I’m not aware of an argument that there was only on abiogenesis event on Earth, just the observation that all known surviving lineages come from a universal common ancestor fairly early on. In principle that would be compatible with any number of initial events. It’s just that once a given lineage evolved enough adaptions/improvements, it would spread and take over, and then no new lineage would be able to compete/get started.
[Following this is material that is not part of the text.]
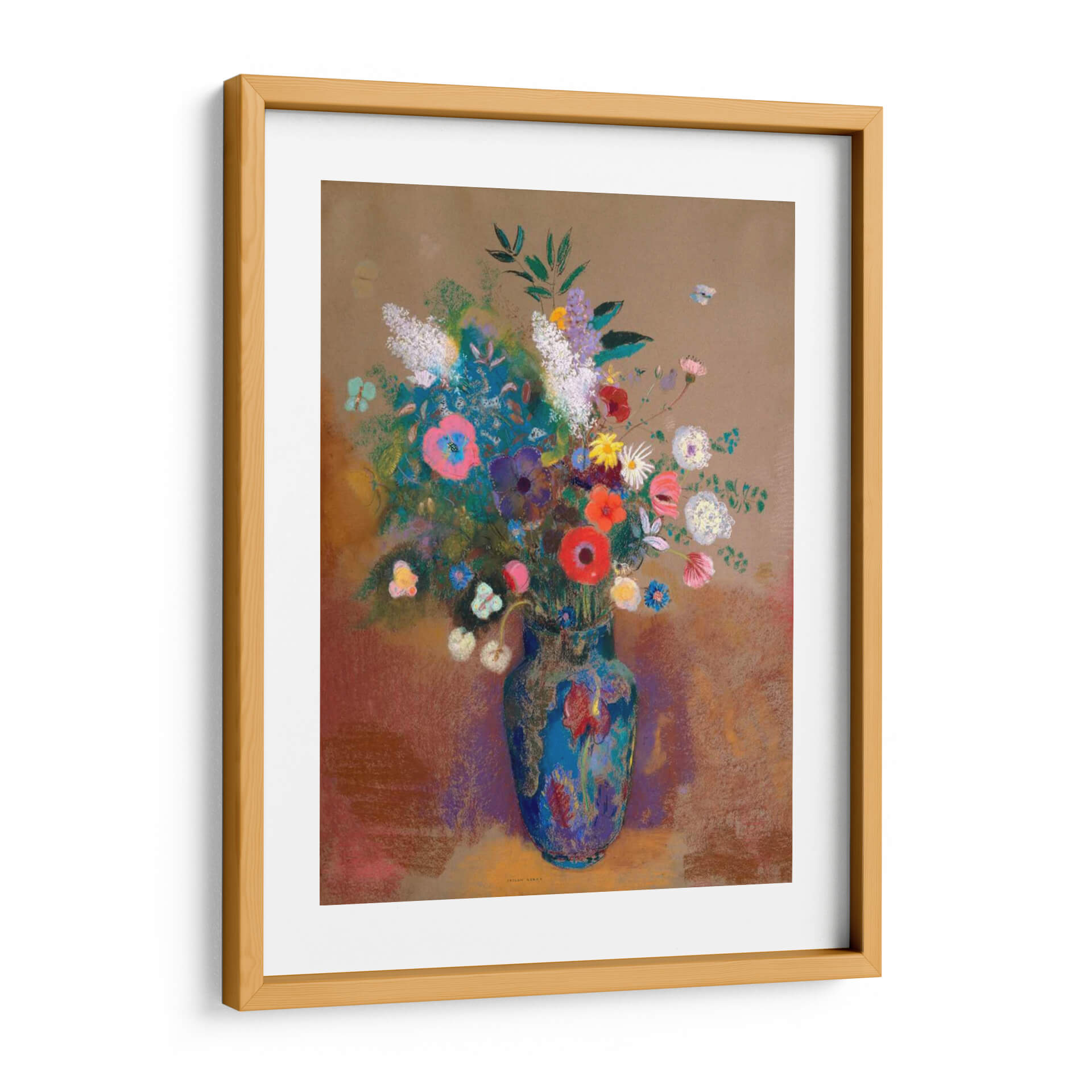 Transforma tu espacio con la vibrante y etérea obra "Ramo de Flores" del aclamado artista Odilon Redon. Este exquisito cuadro decorativo captura la esencia de un vibrante arreglo floral, presentado en un jarrón azul profundo que actúa como ancla visual. La paleta de colores es un festín para los sentidos, con explosiones de rosa intenso, rojo amapola, azul eléctrico y toques de amarillo y blanco que bailan sobre un fondo de tonalidades tierra cálidas. Las pinceladas sueltas y la técnica evocan un estilo impresionista con un toque onírico, invitando a la contemplación y añadiendo una atmósfera de alegría y vitalidad a cualquier habitación. Las delicadas mariposas que revolotean alrededor del ramo añaden un toque de fantasía y ligereza, creando una escena casi mágica. "Ramo de Flores" es ideal para quienes buscan infundir energía y color en su hogar u oficina, sirviendo como un punto focal cautivador en salas de estar, comedores o estudios. Esta pieza no solo embellece, sino que también inspira y eleva el espíritu, convirtiendo cualquier pared en una ventana a un jardín de ensueño. Descubre la belleza atemporal del arte floral con este impresionante cuadro decorativo, una adición perfecta para coleccionistas y amantes del arte que aprecian la maestría y la expresión emocional.

Also, your scale for probability seems to be starting from assuming a single long self-replicating genome, but that isn’t strictly necessary to bootstrap the evolution of a basic self-replicating metabolism. There are much shorter RNA strands (<200 base pairs) that have some catalytic activity including synthesizing additional RNA (though not copying themselves, AFAIK). Something like that could locally generate large numbers of shorter RNA strands, many with some form of catalytic activity of their own, collectively comprising some form of catalytic cycle that includes making more of all of them. Such a system would also be better able to cope with low copying fidelity b/c the individual strands that need to be copied correctly are shorter.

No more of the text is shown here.